I imagine that the predominate species of Puget Sound whale or dolphin that comes to mind would be the charismatic orca. But there’s another group of marine mammals that people are perhaps a little less familiar with: porpoises. There are six species of true porpoises, and two of them can be seen in Puget Sound — the striking Dall’s porpoise and the less conspicuous harbor porpoise. The other species include the Burmeister’s porpoise (South America), the spectacled porpoise (Southern Ocean), the finless porpoise (Southeast Asia), and the highly endangered vaquita (Gulf of California — as of November 2016, it’s estimated there are only 30 individuals left in the wild).
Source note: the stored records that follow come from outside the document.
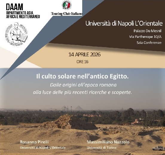 Martedì 14 aprile 2026, dalle 16 alle 18, nella sala Conferenze di Palazzo Du Mesnil (UniOr) a Napoli, l’università L’Orientale e il Touring Club Italiano promuovono l’incontro “Il culto solare nell’antico Egitto. Dalle origini all’epoca romana alla luce delle più recenti ricerche” con Rosanna Pirelli (università di Napoli L’Orientale) e Massimiliano Nuzzolo (università di Torino). Dopo gli indirizzi di saluto di Roberto Tottoli, magnifico rettore università di Napoli L’Orientale; Roberta Giunta, direttrice del dipartimento Asia Africa e Mediterraneo; Andrea Manzo, professore ordinario di Antichità nubiane e Archeologia della Valle del Nilo; introducono Antonio Buonajuto, presidente comitato scientifico Touring Club Italiano; Francesco Sirano, direttore museo Archeologico nazionale di Napoli – comitato scientifico Touring Club Italiano. Nessun culto ha influenzato la civiltà dell’antico Egitto quanto il culto solare. Pur declinandosi nel corso del tempo in forme diverse e sotto differenti appellativi — come nel caso della riforma religiosa in senso monoteistico promossa dal faraone Akhenaton nella seconda metà del II millennio a.C. — il dio sole permeò la religione egiziana fin dalle sue origini, attraversando fasi di straordinario splendore, come l’epoca delle piramidi, e mantenendo un ruolo centrale fino alla tarda età romana. Questa conferenza si propone di offrire un excursus sulle nostre conoscenze di un tema fondamentale per la comprensione della civiltà dei faraoni, presentando al contempo i risultati delle più recenti ricerche e scoperte relative al periodo di massimo sviluppo della religione solare: la V dinastia (metà del III millennio a.C.). Fu infatti in questa fase che i sovrani egiziani costruirono per la prima volta dei monumenti specificamente dedicati al suo culto, i Templi Solari. Da oltre quindici anni una missione archeologica italiana è impegnata nello scavo del più grande di questi santuari, il tempio solare del re Nyuserra ad Abu Ghurab. I risultati eccezionali emersi dalle indagini sul campo e le nuove prospettive di ricerca che ne derivano saranno illustrati nel corso della conferenza dai due co-direttori della missione.
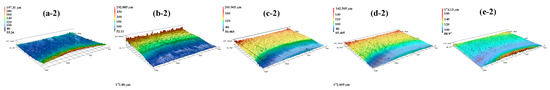 As shown in Figure 12(a-1–e-1), the surface of the machining domain was smooth under a current density of 30 A/cm2. While tiny projections or depressions appeared on the machining domain, which made the surface roughness increase and had a bad effect on the surface.
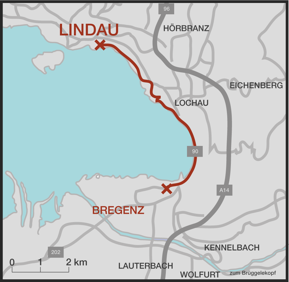 Die Strecke wird näherungsweise gemessen: Auf der Karte sind es von Lindau bis nach Bregenz etwa
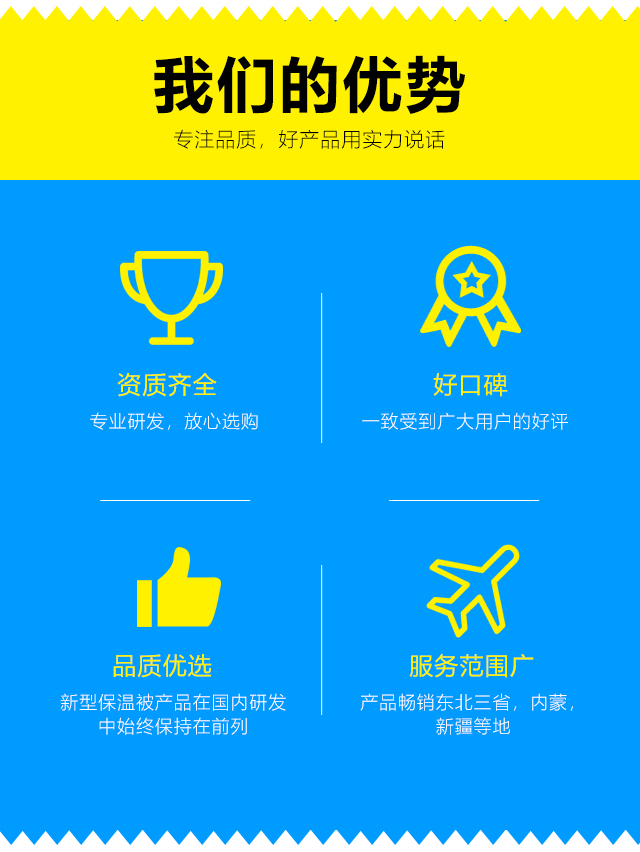 我們本著客戶之上,服務至上的原則,爭創(chuàng)國內保溫被行業(yè)的引導者。
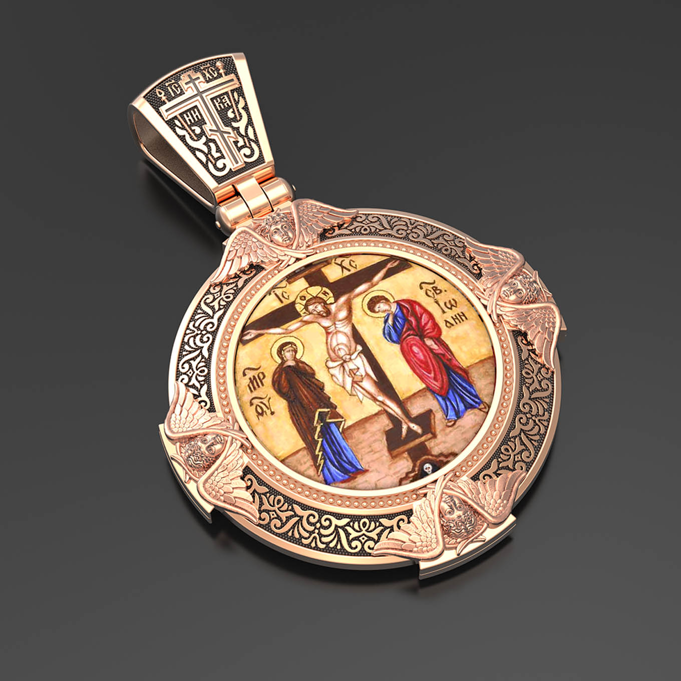 Образок из золота c эмалью, иконописью и темперой
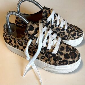 R12 Emma canvas Platform cheetah leopard print lace up shoes chunky Y2K -6.5

One may be inclined to say that whales are large and dolphins/porpoises are small, but this is not always true. Orcas are technically a dolphin, while a pygmy sperm whale (a member of the sperm whale family) only gets to 11 feet in length — about the same size as a bottlenose dolphin. Size, therefore, cannot be used to determine whether a cetacean is a whale, dolphin, or porpoise. One major difference between the three is their teeth, or in the case of baleen whales, their baleen. The two broadest categories of cetaceans are the two suborders Odontoceti (cetaceans that have teeth) or Mysteceti (cetaceans that have baleen). Baleen whales generally can also be identified by their two blowholes, as compared to the one blowhole of toothed whales. Toothed whales are divided into several more groups — the sperm whale family, dolphins, narwhals and belugas, and porpoises, as well as many others. While porpoises and dolphins are pretty similar, there are a couple of main differences. Dolphins have conical shaped teeth, while porpoises have spade shaped teeth. True porpoises also lack the “beak” that a dolphin has, and have a more triangular, shark-like dorsal fin compared to the curved dorsal fin of a dolphin.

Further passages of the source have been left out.